それもこれも、もとをただせば俺のせい。俺が彼女のこころを不安定にさせてしまった、ちゃんと話をしなければならないと感じた。
確かに、あの屋上は居心地がいいだろう。あの場所で過ごしているという彼女のことを、頭のなかで想像してみる。もう一度、俺もあの場所にかえりたい。
「……居心地、いかったもんな」
「んー、まあな。……じゃけんど、最近は和泉……っ! あ……いや、その」
「なん、和泉……って……。三年の、和泉んことか」
思いもよらない名前に、俺のこえが低くひびいた。苦虫を噛んだような表情で、茅野は意識的にしせんをそらした。
茅野は話をそらそうと、施設でのようすを問うてくる。彼の胸ぐらをつかみ、無言でじっと顔をにらみすえた。
ぽつりぽつりと話し始めた彼のはなしに、俺は怒りをおぼえた。かたくにぎった拳を、ぶつける場所なくふるわせる。爪が手のひらにくいこんで、深いきずをつくってしまいそうだ。
朱里を和泉に奪われてしまうのだろうか。なぜこんなことに、どうして和泉なんかに。そうすべて俺のせい、俺のせいなのだ。
「けどな! 付き合ってはねえんで……」
「……うるせぇ、帰れ」
「……え、」
「うるせぇ! いいけん、帰れ!」
その場をなんとかして取り繕おうと、茅野は焦ったようにつけくわえる。朱里は断ったのに、和泉が勝手に入り浸っている。
そうか、入り浸っているのか。彼女のそばに、いつもあいつが居るということか。それは和泉は諦めていないということで、今後どうなるかわからないということだ。

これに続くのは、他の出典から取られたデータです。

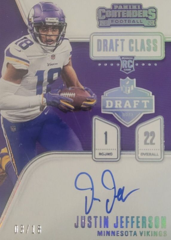 The Justin Jefferson 2020 Contenders #DC-JUJ Draft Class Autographs (/18) Rookie card in Raw condition has not changed in price in the last 30 days and was last sold for $204.16 .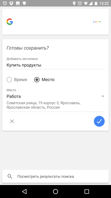 При постановке задач можно использовать «расплывчатые» фразы типа «Купить продукты завтра, когда я буду на работе». Google знает про нас всё и знает, где у вас работа, а где дом. В большинстве случаев распознавание имен, мест и времени работает идеально и вам действительно не нужно прикасаться к смартфону или смотреть на него.

目のまえの落書帳をつかみ、茅野にむかって投げつけた。そうでもしないと、この拳をぶつけてしまいそうだった。
だめだ、まだ俺の気持ちが治まらない。こたつの両端をつかみあげ、大声をだしながら壁になげつける。おおきな物音に、母親がはしってくる。
「やめんか、隼斗!」
「うるせぇ、くそババア!」
廊下へといき手当たりしだい物をつかみあげ、ちからまかせに投げ散らかした。玄関へと飛ばされた茅野は、おそらく俺が突き飛ばしたのだろう。
駆けつけたジジイに起こされた茅野は、ジジイの指示で帰っていく。そう体格のいい男ではないが、全身をつかい俺を羽交い絞めようとした。

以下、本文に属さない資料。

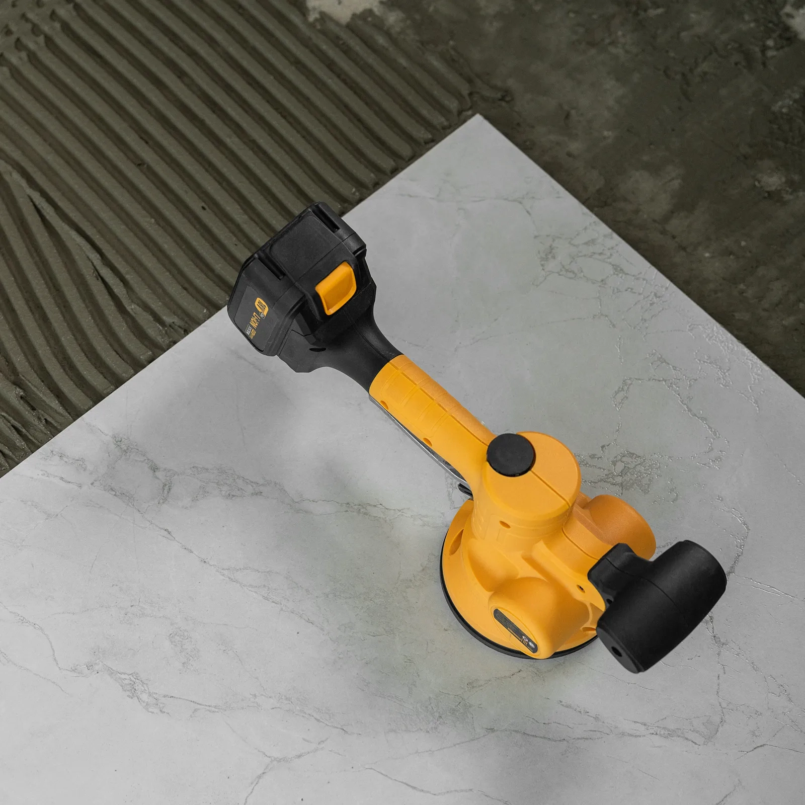 Машина для укладки плитки Denzel TTM-130-0 28481 работает от аккумуляторной батареи Li-Ion емкостью 2 А/ч, с рабочим напряжением 18 В, и используется для проведения облицовочных работ. При помощи присоски диаметром 130 мм оказывает вибрационное воздействие на поверхность плитки со скоростью 500-12000 об/мин, что способствует равномерному распределению клея, а также препятствует образованию воздушных пузырьков и полостей под плиткой, позволяя избежать ее перекоса и повреждения.;Машина поставляется без АКБ и зарядного устройства, на нее можно установить универсальный аккумулятор, совместимый с любым инструментом единой платформы Denzel battery system 18V серии IB.

自由を奪われながらも、俺は必死で抵抗する。そして目のまえにいた母親を、思いっきり足で蹴り飛ばした。
倒れこんだ母親も、もう限界だと感じたのだろう。泣きながらどこかへ電話をかけている。相手がだれなのか考える余裕はなく、俺は全力で暴れつづけていた。
「……北斗は!」
「し、知らん……。どっか行ったけん……」
ジジイと母親の会話に、はっとした。そうだ北斗は、朱里を迎えにいったのだった。こんな姿をみせるわけにはいかない。冷静になった俺は、ごめんとつぶやき座りこむ。
がちゃりと玄関がひらき、俺は期待の眼差しでふりかえる。そこに姿をみせたのは、児童相談所の職員だった。そう、母親が呼んだのだ。
俺は朱里の到着をまつことなく、職員によって学園へと連れ戻されてしまうことになった。